1967-04-01 11 -11 s BST

1983-11-30 11 -11 s SST

Pacific/Pago_Pago

- - +12:37:12 s LMT

1879-07-04 11:22:48 -11:22:48 s LMT

1911-01-01 11:22:48 -11 s NST

1967-04-01 11:00 -11 s BST

1983-11-30 11:00 -11 s SST

(I'd prefer to keep the Z in there, admittedly - that wasn't an option I happened to code though. It's easy enough to imagine it...)

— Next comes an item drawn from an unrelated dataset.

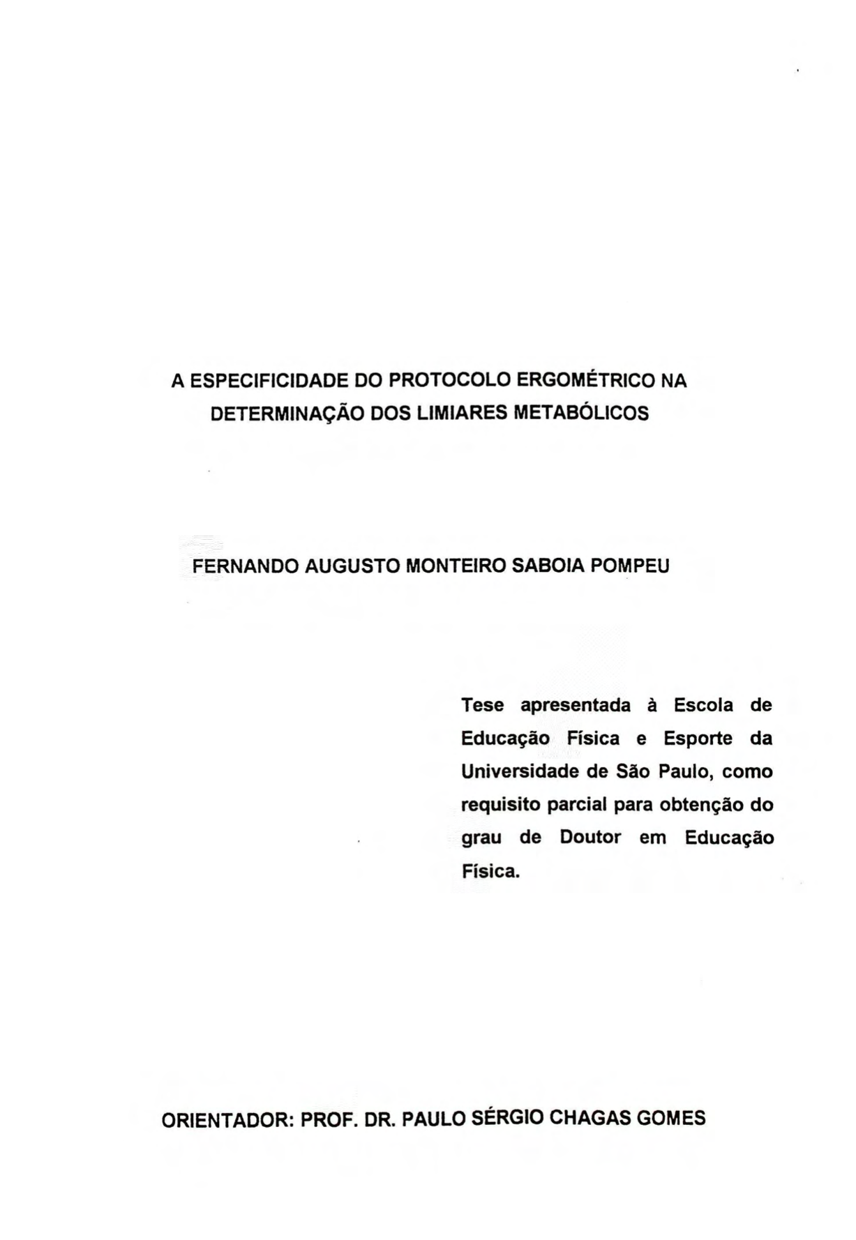 A ESPECIFICIDADE DO PROTOCOLO ERGOMÉTRICO NA DETERMINAÇÃO DOS LIMIARES METABÓLICOS FERNANDO AUGUSTO MONTEIRO SABOIA POMPEU Tese apresentada à Escola de Educação Física e Esporte da Universidade de São Paulo, como requisito parcial para obtenção do grau de Doutor em Educação Física. ORIENTADOR: PROF. DR. PAULO SÉRGIO CHAGAS GOMES Pompeu. Fernando Augusto Monteiro Saboia A especificidade do protocolo ergométrico na aeterminação dos limiares metabóiicos / Fernando Augusto Monteiro Saboia Pompeu. - São Paulo : [s.n.], 2000. xxiii. 274p. Tese (Doutorado) - Escola de Educação Física e Esporte da Universidade de São Paulo. Orientador: Prof.Dr. Paulo Sérgio Chagas Gomes. 1. Fisiologia do exercício 2. Metabolismo I. Título. ii AGRADECIMENTOS Tese dedicada ao mentor e amigo Dr. Aluysio Soreano Aderaldo Júnior por dispor de uma pequena parte de sua vasta cultura e treinamento profissional para aperfeiçoar este trabalho. Como também, pelo seu empenho na montagem do laboratório de ergoespirometria, sem o qual este estudo não poderia ser concluído. • Agradeço ao meu orientador Prof. Dr. Paulo Sérgio Chagas Gomes pela valiosa contribuição acadêmica • À minha esposa Claudia A. da Silva Pompeu pela dedicação, colaboração e preocupação com a conclusão deste projeto • Ao prof. Marcelo Neves dos Santos pela colaboração na coleta dos dados • Aos alunos da Escola de Educação Física e Desportos da Universidade Federal do Rio de Janeiro que participaram deste estudo • À Fundação Universitária José Bonifácio (FUJB/UFRJ) pelo auxílio recebido para viabilizar este projeto. • À Associação dos Amigos do Centro de Estudos e Aperfeiçoamento do Hospital dos Servidores do Estado na pessoa do Dr. Francisco Sales pelo importante apoio • À Clínica da Dor do Hospital dos Servidores do Estado - R.J. na pessoa do Dr. Marcos Henrique Manzoni pela valiosa colaboração • Ao Instituto de Patologia Clínica e ao Dr. Aloysio Leal Rebello pela dosagem das catecolaminas • À Preciso Ltda pela doação dos reagentes para gasometria e suporte técnico • Aos meus filhos Gilberto, Sunny e Carolina e a minha mãe Anamaria pelo valioso incentivo iii SUMÁRIO Página LISTA DE TABELAS................................................. LISTA DE FIGURAS................................................. LISTA DE QUADROS............................................... LISTA DE SIGLAS, ABREVIATURAS E SÍMBOLOS LISTA DE ANEXOS................................................... LISTA DE APÊNDICES............................................. DEFINIÇÕES DE TERMOS ADOTADOS................. RESUMO................................................................... ABSTRACT................................................................ INTRODUÇÃO........................................................... OBJETIVO.................................................................. JUSTIFICATIVA......................................................... QUESTÕES A INVESTIGAR................................... DELIMITAÇÕES......................................................... LIMITAÇÕES.............................................................. HIPÓTESES............................................................... Hipótese substantiva................................................. 7.2 Hipóteses estatísticas................................................ REVISÃO DA LITERATURA..................................... 8.1 Introdução.................................................................. 8.2 Degradação e síntese da adenosina trifosfato........ 8.2.1 Etapa extramitocondrial............................................ 8.2.1.1 Glicólise e glicogenólise.......................................... 8.2.2 Etapa intramitocondrial............................................ 8.3 Metabolismo hepático............................................... 8.4 Regulação do metabolismo de carboidratos........... vi x XIII XIV XVII XVIII XIX XXI XXIII 11 42 63 74 85 96 97 97.1 9 118 11 12 12 15 16 28 31 IV 408.5 Tipo de fibra muscular e metabolismo.......................................... 8.6 Tampões fisiológicos e equilíbrio ácido-base............................... 8.7 Transporte do lactato pela membrana plasmática....................... 8.8 Fatores que influenciam a lactacidemia no pós-esforço............. 8.9 Modelos teóricos de limiar anaeróbio........................................... 8.9.1 Limiar anaeróbio de WASSERMAN et aiii (1964)........................ 8.9.2 Limiar anaeróbio de MADER et alii (1976)................................... 8.9.3 Limiar anaeróbio de STEGMANN & KINDERMANN (1982)........ 8.10 Adaptações ao treinamento de endurance.................................. 8.11 Métodos indiretos de inferência dos limiares metabólicos......... 8.12 As principais variáveis metodológicas envolvidas..................... 8.13 Implicações no treinamento aeróbio............................................. MATERIAL E MÉTODOS.............................................................. 9.1 Critério de inclusão e exclusão dos sujeitos............................... 9.2 Testes de esforço......................................................................... 9.2.1 Procedimentos gerais................................................................... 9.2.2 Teste de potência aeróbia máxima............................................. 9.2.3 Protocolo de WASSERMAN et alii (1973).................................... 9.2.4 Protocolo de MADER et alii (1976)............................................... 9.2.5 Protocolo de STEGMANN & KINDERMANN (1982).................... 9.2.6 Cálculo da eficiência mecânica.................................................... 9.2.7 Consumo extra de oxigênio no segundo minuto de pós-esforço 9.2.8 Máximo steady state do lactato.................................................... 9.3 Coleta e análise dos

With all that in mind, I would personally prefer to stick to the currently documented tzvalidate format. For my use cases of diffing and machine parsing, the fixed with format is useful, as is always specifying both the daylight/standard indicator and the name. I could live with the offset and time shortening, but I'd definitely prefer to have colons in the offset, and to keep minutes in the time part.

Thoughts?

Jon

On 30 May 2016 at 22:59, Paul Eggert <eggert@cs.ucla.edu> wrote:

Jon Skeet wrote:

I'd personally be willing to sacrifice a
certain amount of compactness for the sake of readability, but obviously if
we can get the size down a bit*without* losing readability, that would be
good.

Yes. Readability is to some extent in the eye of the beholder, and the proposed zgrep -i format wasn't my first choice: it evolved over some time as I used it to look at a lot of data. To some extent the format is aimed at my needs, and may be less suited for novices. For example:

TZ="America/Phoenix"
- - -072818 LMT
1883-11-18 12 -07 MST
1918-03-31 03 -06 MDT 1
1918-10-27 01 -07 MST
1919-03-30 03 -06 MDT 1
1919-10-26 01 -07 MST
1942-02-09 03 -06 MWT 1
1943-12-31 23:01 -07 MST
1944-04-01 01:01 -06 MWT 1
1944-09-30 23:01 -07 MST
1967-04-30 03 -06 MDT 1
1967-10-29 01 -07 MST

Here the columns don't line up and although this may be a bit offputting for some, for me it's a plus as it causes the unusual WWII non-hour transitions to stand out. Also, it's easier to visually identify the daylight-saving transitions via "1" vs nothing, than to scan through a column saying "isdst=1" vs "isdst=0". In contrast:

America/Phoenix
Initially: -07:28:18 standard LMT
1883-11-18 19:00:00Z -07:00:00 standard MST
1918-03-31 09:00:00Z -06:00:00 daylight MDT
1918-10-27 08:00:00Z -07:00:00 standard MST
1919-03-30 09:00:00Z -06:00:00 daylight MDT
1919-10-26 08:00:00Z -07:00:00 standard MST
1942-02-09 09:00:00Z -06:00:00 daylight MWT
1944-01-01 06:01:00Z -07:00:00 standard MST
1944-04-01 07:01:00Z -06:00:00 daylight MWT
1944-10-01 06:01:00Z -07:00:00 standard MST
1967-04-30 09:00:08Z -06:00:00 daylight MDT
1967-10-29 08:00:00Z -07:00:00 standard MST

Although this conveys the same information, it's harder to catch anomalies, as the nicely-aligned columns and data tend to blur into each other. For example, it's hard to spot the error that I deliberately introduced into the penultimate line of that data, whereas the same error would have been much easier to see in zgrep -i format.